Write out, word for word, the part of the listing below that opens with the line containing "Below is an" and closes with the line containing "需求复苏和对美联储或在本周暂", keeping both of those lines and adding no others.

[Supplied records]
_____
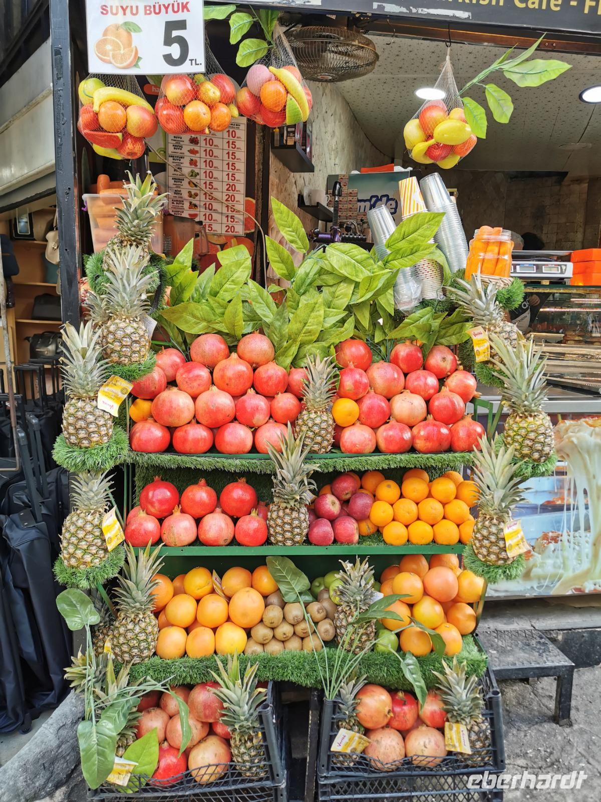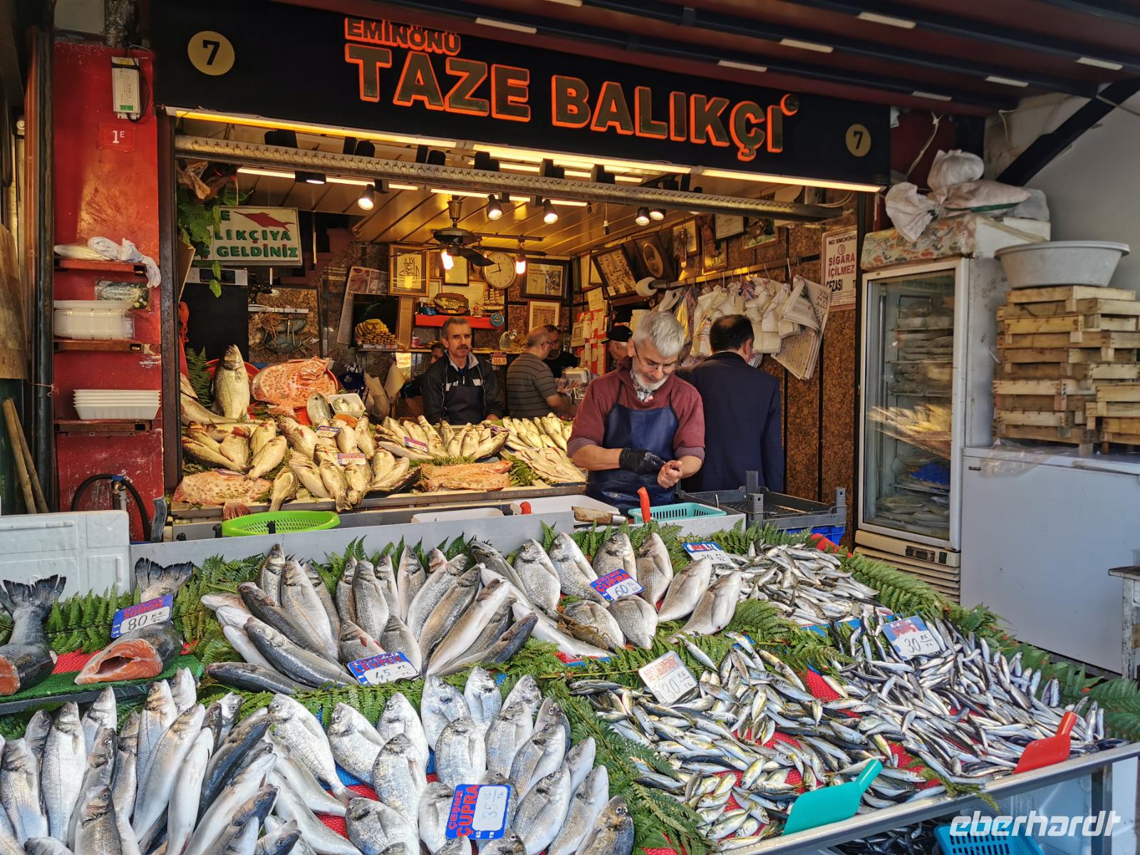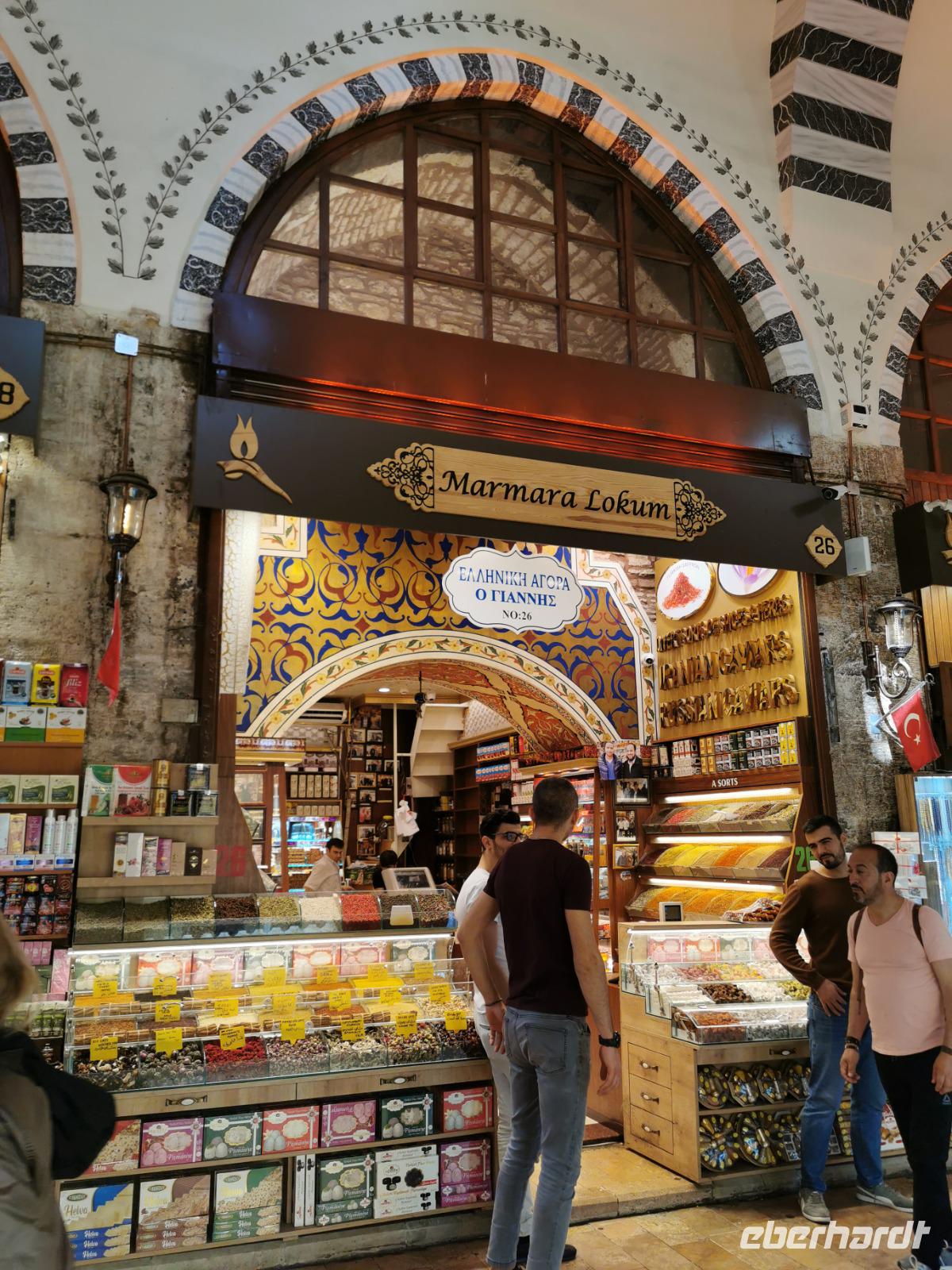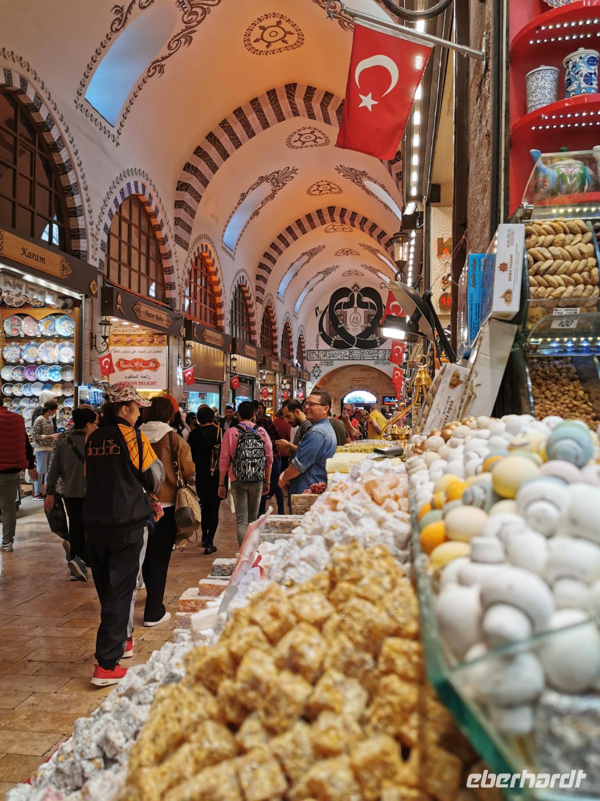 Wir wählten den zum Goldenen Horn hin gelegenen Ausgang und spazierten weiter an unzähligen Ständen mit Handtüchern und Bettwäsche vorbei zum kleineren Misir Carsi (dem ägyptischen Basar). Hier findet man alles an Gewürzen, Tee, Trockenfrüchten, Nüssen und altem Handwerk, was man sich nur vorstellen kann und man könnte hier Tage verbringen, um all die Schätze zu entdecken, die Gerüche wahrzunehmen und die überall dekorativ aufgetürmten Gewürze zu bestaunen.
_____
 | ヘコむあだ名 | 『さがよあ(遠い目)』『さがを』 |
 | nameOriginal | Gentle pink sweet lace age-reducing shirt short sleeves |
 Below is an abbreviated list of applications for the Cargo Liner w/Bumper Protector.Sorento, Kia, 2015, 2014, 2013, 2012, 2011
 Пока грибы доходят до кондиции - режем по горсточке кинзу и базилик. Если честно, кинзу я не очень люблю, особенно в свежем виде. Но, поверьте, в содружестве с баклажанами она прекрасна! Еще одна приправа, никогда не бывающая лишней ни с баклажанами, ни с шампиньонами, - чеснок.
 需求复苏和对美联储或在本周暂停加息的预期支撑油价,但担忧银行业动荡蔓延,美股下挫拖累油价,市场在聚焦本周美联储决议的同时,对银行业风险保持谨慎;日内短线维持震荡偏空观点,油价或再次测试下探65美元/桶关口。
_____
[Task solution]
 Below is an abbreviated list of applications for the Cargo Liner w/Bumper Protector.Sorento, Kia, 2015, 2014, 2013, 2012, 2011
 Пока грибы доходят до кондиции - режем по горсточке кинзу и базилик. Если честно, кинзу я не очень люблю, особенно в свежем виде. Но, поверьте, в содружестве с баклажанами она прекрасна! Еще одна приправа, никогда не бывающая лишней ни с баклажанами, ни с шампиньонами, - чеснок.
 需求复苏和对美联储或在本周暂停加息的预期支撑油价,但担忧银行业动荡蔓延,美股下挫拖累油价,市场在聚焦本周美联储决议的同时,对银行业风险保持谨慎;日内短线维持震荡偏空观点,油价或再次测试下探65美元/桶关口。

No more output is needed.